Arbuthnot had trouble at the beginning of the expedition, but was eventually successful in finding artifacts at La Jolla. According to the CineForm article on La Jolla:
Their success was aided by the help of a small octopus. A diver was tracking it, when the octopus stopped behind a round stone. This 'stone' turned out to be a beautiful stone bowl, which eventually led the team to discovering a total of six artifacts in 20 feet of water. Arbuthnot speculates that these ancient finds date to between 4,000 and 7,000 years ago!

==Currently==

Arbuthnot has worked on underwater archaeology projects in Florida, North Carolina, Georgia, and the Caribbean since 1997. He has surveyed, mapped, excavated, interpreted and analyzed artifacts, and published reports on a variety of diverse archaeological sites. He continues his work, based mainly in Florida.
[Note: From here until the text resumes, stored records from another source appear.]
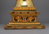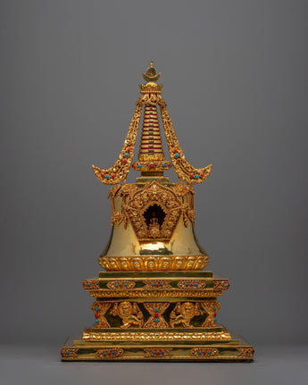 With a Copper body and a gorgeous Gold Plating , the Nirvana Stupa Statue is an amazing work of handcrafted spiritual art. This stupa, which rises to an amazing height of 53.5 cm, is an important Buddhist symbol, signifying the achievement of Nirvana, the ultimate freedom from the cycle of birth, death, and rebirth. The statue is richly embellished with inlaid Turquoise and Coral stones, which have profound symbolic implications of spiritual balance, healing, and protection, in addition to improving its aesthetic appeal.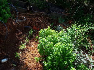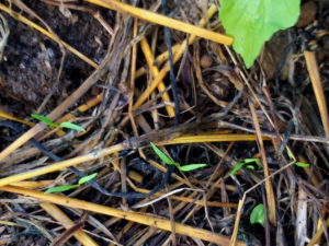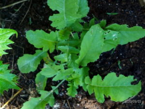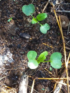 (右)後蒔きの発芽大根秋祭に本葉が出ました。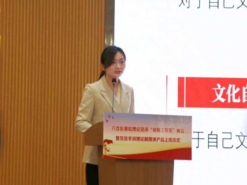 活动中,六合区基层理论宣讲“名师工作室”正式成立。永利官网教师陈红桂、刘亮、胡媛媛、陈子烨以及东南大学、南京信息工程大学的7名教师共同获聘为导师,每位导师分别结对3名学员,通过“名师结对”“传帮带”,助力越来越多优秀理论宣讲者在六合持续涌现,不断为六合实践发声、为理论传播助力。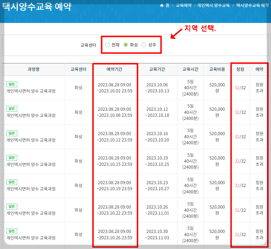현재 개인택시 양수교육은 화성 및 상주 두 지역 모두 12월 까지 예약 정원이 모두 초과된 상태입니다.  예약현황에 예약 탭이 있는 경우만 양수교육 예약이 가능하며, 반드시 예약기간 및 교육기간을 확인 후 신청하시기 바랍니다.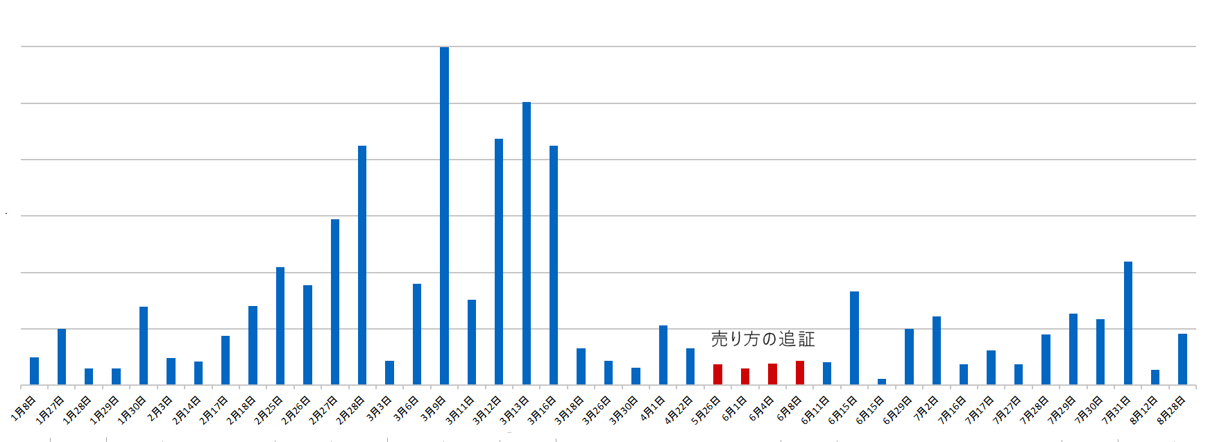 これまで8月末から9月初めは調整と予想していましたが、少し後ずれする可能性はあります。しかし、いずれにせよ短期調整で終わると思います。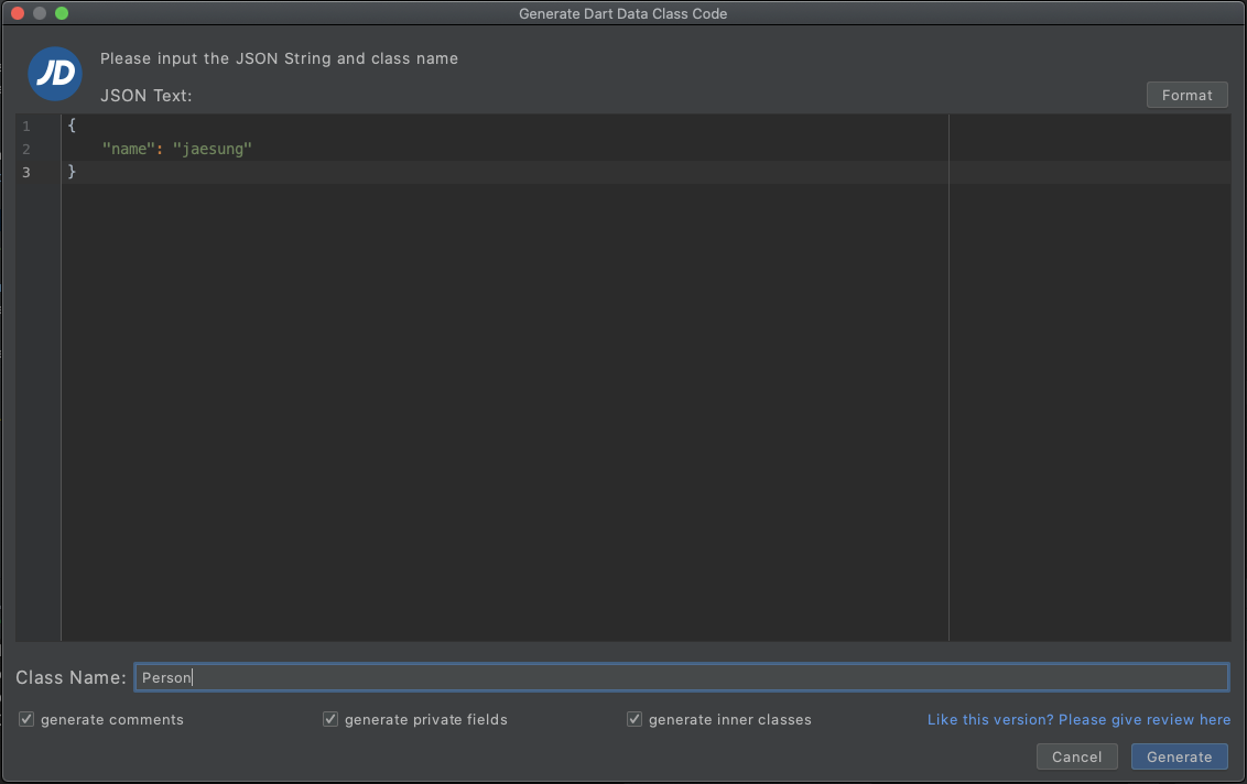 사용법은 json response를 복붙하고 클래스이름 적고 Generate하면 끝

He also functions as Newsletter Editor for the Florida Archaeological Council.

Arbuthnot presently serves as a Senior Project Manager for SEARCH, a leading cultural resource company based in Florida.

Arbuthnot is working with the Discovery Channel to create the television show "America's Lost Vikings", about the location of the mythical Viking Vinland, and where they may have settled along Canada and the United States.

==Secret Worlds with Michael Arbuthnot==

Arbuthnot's documentary Secret Worlds with Mike Arbuthnot began airing on the travel channel in 2010.

==Family==
Born in Oakland, California, son of Robert Murray Arbuthnot, Michael is married to Serena Lynn Conrad who had two sons by her first marriage. They live in St Augustine, Florida.